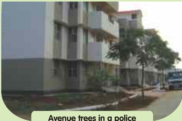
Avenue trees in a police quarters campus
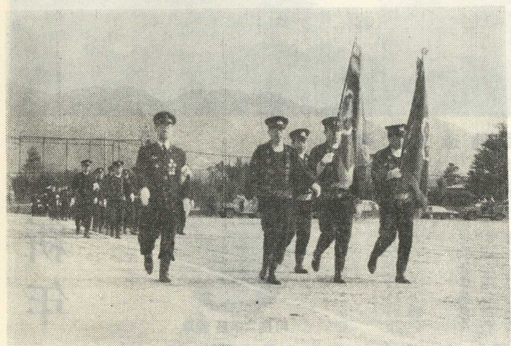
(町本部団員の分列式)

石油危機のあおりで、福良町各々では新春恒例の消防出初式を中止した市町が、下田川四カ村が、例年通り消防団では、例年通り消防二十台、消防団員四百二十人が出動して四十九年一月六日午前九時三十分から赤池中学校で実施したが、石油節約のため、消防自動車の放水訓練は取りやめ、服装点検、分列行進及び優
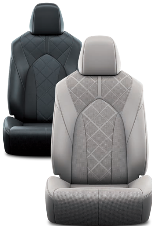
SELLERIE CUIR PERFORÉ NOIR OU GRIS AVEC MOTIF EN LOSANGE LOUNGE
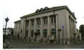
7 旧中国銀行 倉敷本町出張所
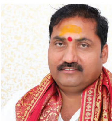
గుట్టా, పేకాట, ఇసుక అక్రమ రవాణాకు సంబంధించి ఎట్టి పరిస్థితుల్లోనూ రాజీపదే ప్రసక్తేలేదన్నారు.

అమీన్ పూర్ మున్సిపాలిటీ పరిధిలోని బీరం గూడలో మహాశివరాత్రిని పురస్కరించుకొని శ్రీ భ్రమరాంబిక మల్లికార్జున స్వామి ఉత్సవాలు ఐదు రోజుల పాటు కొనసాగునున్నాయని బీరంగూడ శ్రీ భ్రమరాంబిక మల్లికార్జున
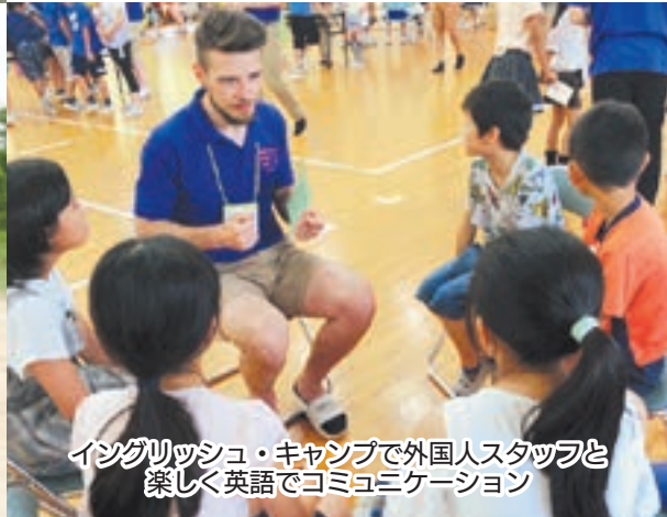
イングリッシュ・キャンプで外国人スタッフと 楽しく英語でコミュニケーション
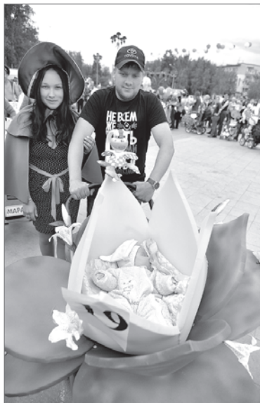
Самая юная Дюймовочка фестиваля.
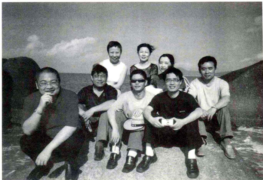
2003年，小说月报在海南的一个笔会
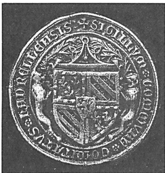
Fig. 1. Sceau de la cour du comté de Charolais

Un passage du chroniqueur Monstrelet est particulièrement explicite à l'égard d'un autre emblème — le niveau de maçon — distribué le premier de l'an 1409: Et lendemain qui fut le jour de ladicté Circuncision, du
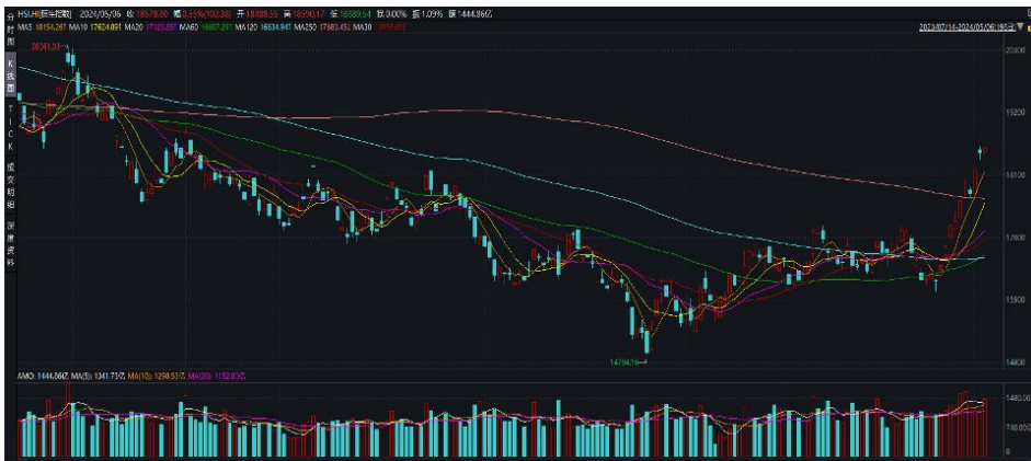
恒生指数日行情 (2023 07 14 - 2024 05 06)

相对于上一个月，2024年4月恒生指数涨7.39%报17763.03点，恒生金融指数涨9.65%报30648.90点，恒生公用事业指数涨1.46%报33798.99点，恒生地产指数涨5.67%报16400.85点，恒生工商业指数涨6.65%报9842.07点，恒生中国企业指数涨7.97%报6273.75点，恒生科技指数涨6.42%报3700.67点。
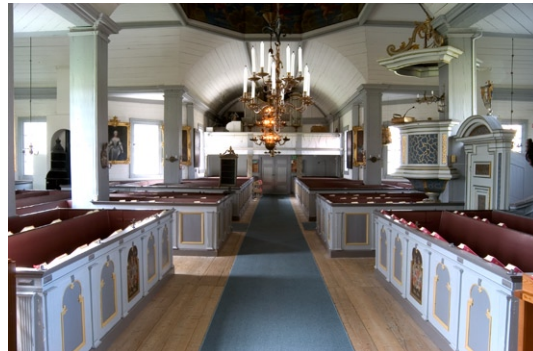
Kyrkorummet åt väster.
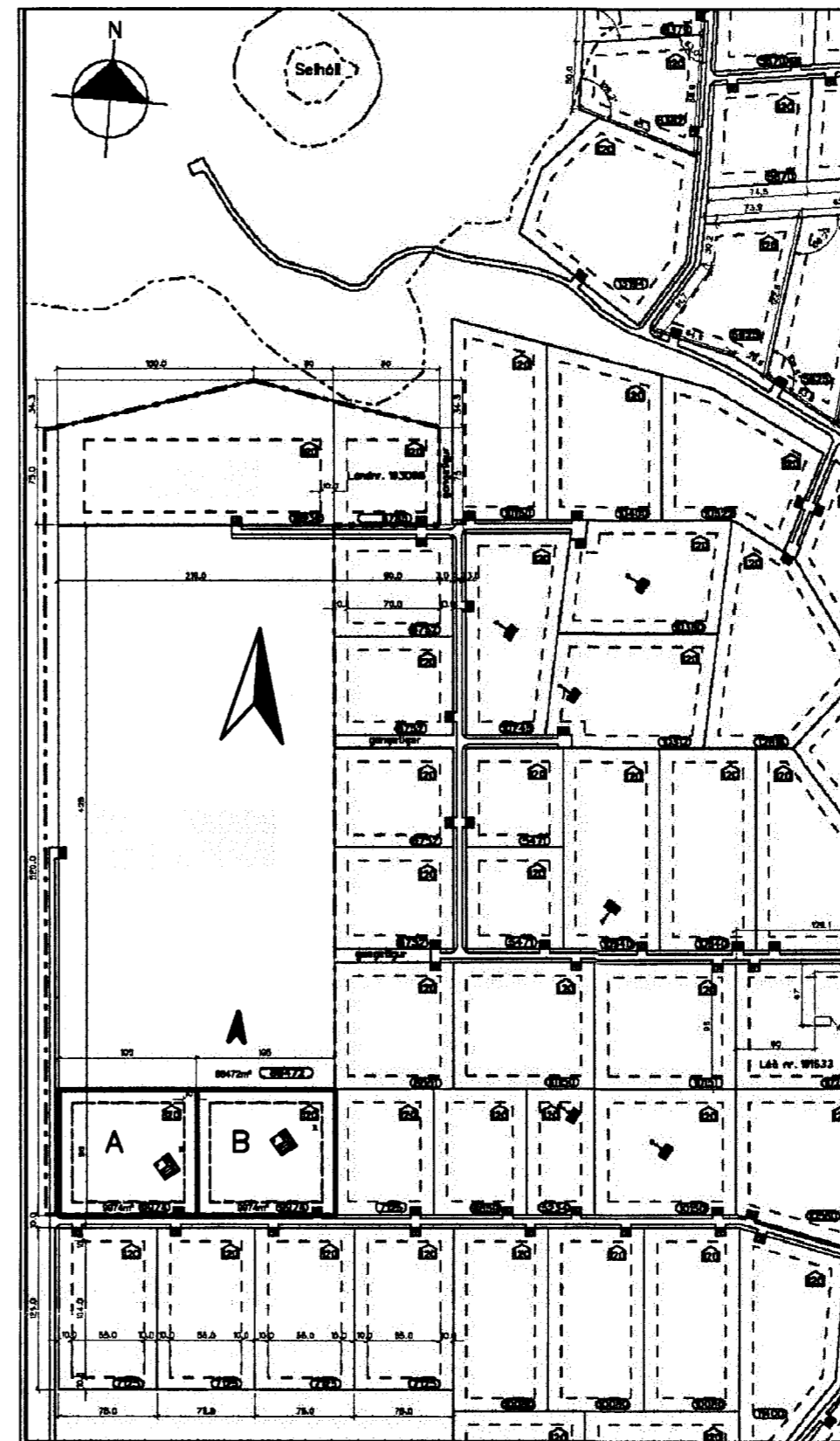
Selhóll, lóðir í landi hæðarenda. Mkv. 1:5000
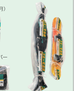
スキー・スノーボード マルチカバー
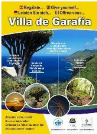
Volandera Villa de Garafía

TASK BRIEF =>
Leaving the pictures out, copy exactly the lines from the line that contains "(町本部団員の分列式)" to the last line of the data, both ends included.

SOLUTION TO THE PROBLEM =>
(町本部団員の分列式)

石油危機のあおりで、福良町各々では新春恒例の消防出初式を中止した市町が、下田川四カ村が、例年通り消防団では、例年通り消防二十台、消防団員四百二十人が出動して四十九年一月六日午前九時三十分から赤池中学校で実施したが、石油節約のため、消防自動車の放水訓練は取りやめ、服装点検、分列行進及び優
SELLERIE CUIR PERFORÉ NOIR OU GRIS AVEC MOTIF EN LOSANGE LOUNGE
7 旧中国銀行 倉敷本町出張所
గుట్టా, పేకాట, ఇసుక అక్రమ రవాణాకు సంబంధించి ఎట్టి పరిస్థితుల్లోనూ రాజీపదే ప్రసక్తేలేదన్నారు.

అమీన్ పూర్ మున్సిపాలిటీ పరిధిలోని బీరం గూడలో మహాశివరాత్రిని పురస్కరించుకొని శ్రీ భ్రమరాంబిక మల్లికార్జున స్వామి ఉత్సవాలు ఐదు రోజుల పాటు కొనసాగునున్నాయని బీరంగూడ శ్రీ భ్రమరాంబిక మల్లికార్జున
イングリッシュ・キャンプで外国人スタッフと 楽しく英語でコミュニケーション
Самая юная Дюймовочка фестиваля.
2003年，小说月报在海南的一个笔会
Fig. 1. Sceau de la cour du comté de Charolais

Un passage du chroniqueur Monstrelet est particulièrement explicite à l'égard d'un autre emblème — le niveau de maçon — distribué le premier de l'an 1409: Et lendemain qui fut le jour de ladicté Circuncision, du
恒生指数日行情 (2023 07 14 - 2024 05 06)

相对于上一个月，2024年4月恒生指数涨7.39%报17763.03点，恒生金融指数涨9.65%报30648.90点，恒生公用事业指数涨1.46%报33798.99点，恒生地产指数涨5.67%报16400.85点，恒生工商业指数涨6.65%报9842.07点，恒生中国企业指数涨7.97%报6273.75点，恒生科技指数涨6.42%报3700.67点。
Kyrkorummet åt väster.
Selhóll, lóðir í landi hæðarenda. Mkv. 1:5000
スキー・スノーボード マルチカバー
Volandera Villa de Garafía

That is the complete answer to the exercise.